# Task statement
Look below for the line containing "Для начала сделаем"; from there, print each line exactly up to and including the line containing "KidsWallNastupte na zimní", and stop.

# Supplied data
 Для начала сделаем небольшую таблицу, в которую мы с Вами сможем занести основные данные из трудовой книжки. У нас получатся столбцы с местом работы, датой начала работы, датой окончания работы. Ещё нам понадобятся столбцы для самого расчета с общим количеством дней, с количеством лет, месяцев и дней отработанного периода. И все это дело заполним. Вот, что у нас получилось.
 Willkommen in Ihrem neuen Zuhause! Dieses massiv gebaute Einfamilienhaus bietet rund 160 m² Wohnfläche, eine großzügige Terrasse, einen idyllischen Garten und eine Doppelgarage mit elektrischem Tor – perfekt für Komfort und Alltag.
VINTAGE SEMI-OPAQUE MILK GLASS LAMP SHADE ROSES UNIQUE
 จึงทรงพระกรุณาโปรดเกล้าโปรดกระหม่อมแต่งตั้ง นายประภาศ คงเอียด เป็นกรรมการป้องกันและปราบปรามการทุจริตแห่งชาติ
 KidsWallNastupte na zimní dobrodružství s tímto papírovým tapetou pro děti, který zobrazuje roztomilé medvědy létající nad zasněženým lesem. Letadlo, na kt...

* * *

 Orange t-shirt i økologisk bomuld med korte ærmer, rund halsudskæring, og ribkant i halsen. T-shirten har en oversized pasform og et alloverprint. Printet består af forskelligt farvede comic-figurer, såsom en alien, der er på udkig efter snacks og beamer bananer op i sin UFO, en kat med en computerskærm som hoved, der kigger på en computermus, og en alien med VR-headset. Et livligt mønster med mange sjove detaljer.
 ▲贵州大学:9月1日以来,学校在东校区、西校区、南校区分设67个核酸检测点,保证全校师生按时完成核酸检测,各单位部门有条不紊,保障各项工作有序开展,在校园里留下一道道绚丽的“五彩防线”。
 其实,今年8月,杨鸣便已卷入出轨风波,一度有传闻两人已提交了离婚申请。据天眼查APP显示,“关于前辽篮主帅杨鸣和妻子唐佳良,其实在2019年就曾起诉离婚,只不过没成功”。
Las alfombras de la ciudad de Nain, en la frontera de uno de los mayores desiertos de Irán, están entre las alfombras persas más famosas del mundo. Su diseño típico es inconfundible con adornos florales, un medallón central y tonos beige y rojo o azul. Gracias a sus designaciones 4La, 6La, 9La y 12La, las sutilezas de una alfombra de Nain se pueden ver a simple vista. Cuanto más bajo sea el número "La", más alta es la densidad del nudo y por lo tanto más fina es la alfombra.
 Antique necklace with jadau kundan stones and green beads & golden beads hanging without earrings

# Answer box
 Для начала сделаем небольшую таблицу, в которую мы с Вами сможем занести основные данные из трудовой книжки. У нас получатся столбцы с местом работы, датой начала работы, датой окончания работы. Ещё нам понадобятся столбцы для самого расчета с общим количеством дней, с количеством лет, месяцев и дней отработанного периода. И все это дело заполним. Вот, что у нас получилось.
 Willkommen in Ihrem neuen Zuhause! Dieses massiv gebaute Einfamilienhaus bietet rund 160 m² Wohnfläche, eine großzügige Terrasse, einen idyllischen Garten und eine Doppelgarage mit elektrischem Tor – perfekt für Komfort und Alltag.
VINTAGE SEMI-OPAQUE MILK GLASS LAMP SHADE ROSES UNIQUE
 จึงทรงพระกรุณาโปรดเกล้าโปรดกระหม่อมแต่งตั้ง นายประภาศ คงเอียด เป็นกรรมการป้องกันและปราบปรามการทุจริตแห่งชาติ
 KidsWallNastupte na zimní dobrodružství s tímto papírovým tapetou pro děti, který zobrazuje roztomilé medvědy létající nad zasněženým lesem. Letadlo, na kt...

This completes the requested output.